クールな課長とペットの私~ヒミツの同棲生活~


伊藤さんも長身だけど、葛城課長は更に背が高い。しかもいつもの仏頂面だから、迫力がすごくて。伊藤さんは腕時計をチラッと見てから、「じゃあ、また!」とペコリと頭を下げて行ってしまった。


一体何だったんだろう? と訳がわからなくて目を瞬いていると、葛城課長は眉を寄せてなぜかこちらをジイッと見下ろしてくる。


ニアミスのこともあって、カッと顔が熱くなる。彼の逞しさをこんな場所で感じるなんて。しかも見られているなんて恥ずかしすぎて、身体が震えてきた。

それでもここは会社。今は仕事中だから、公私混同は禁物だとドキドキする自分を叱りつける。

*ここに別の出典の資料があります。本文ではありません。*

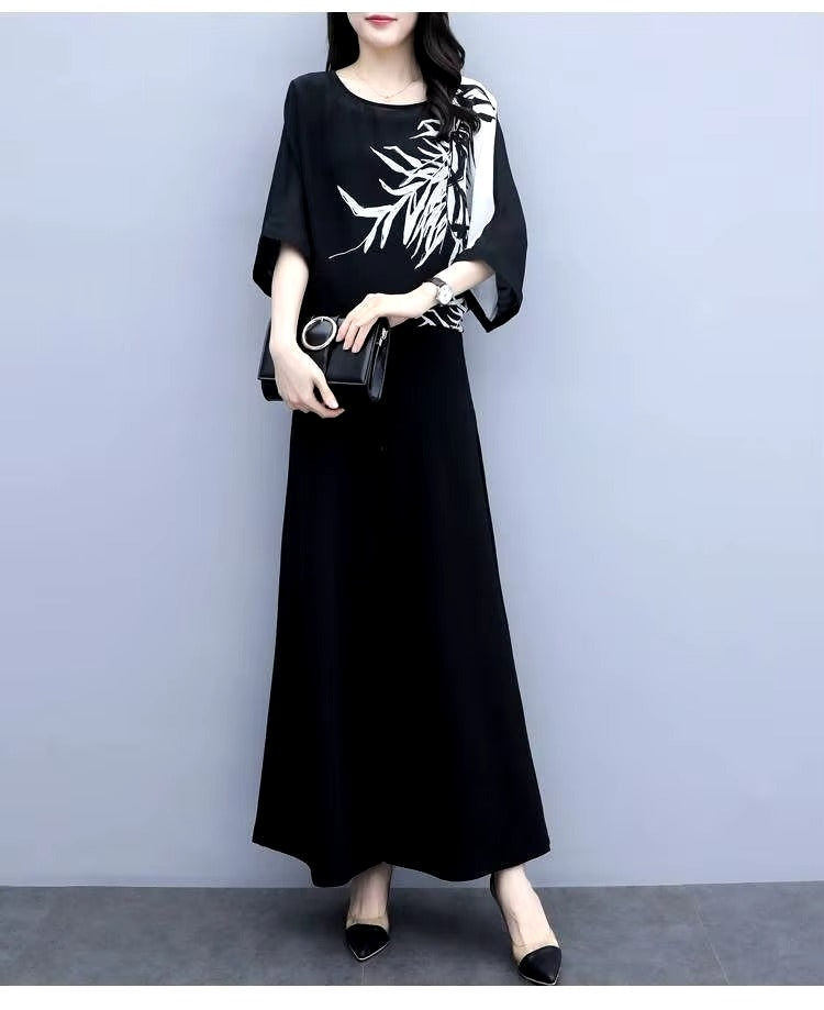 Women's Round Neck Temperament Dress Short-Sleeve Fashion Print Loose Waist Mid-Length Dress

「ファイル、拾っていただいてありがとうございます……え?」


葛城課長が手にしたファイルを取ろうとすれば、ヒョイとそれは高い場所に移動する。手を伸ばさないと届かないけど、片手でファイルを抱えている今はそれが難しい。思わず眉を寄せて、課長を睨み付けてしまいました。


「課長! 意地悪しないでください」

「オレの言うことを聞けば返してやる」

「え?」


オレ? と葛城課長の口調に違和感を感じて見れば、彼はニヤリと唇の端を上げる。


「今日の営業事務課は一切の残業を認めない。死ぬ気で仕事を終わらせろ。そして、定時で終わったら地下の駐車場で待ってろ。車種は判るな?」

「え……」


チャリ、と私のスーツのポケットに何か入れた課長は、ファイルの山をカートに乗せてこれで運べと私ごとエレベーターに押し込んだ。


ポケットに入れられたのは……何かの鍵。地下駐車場? と頭を捻りながらも、必死に仕事と取り組み。何とか定時で終わらせることが出来た。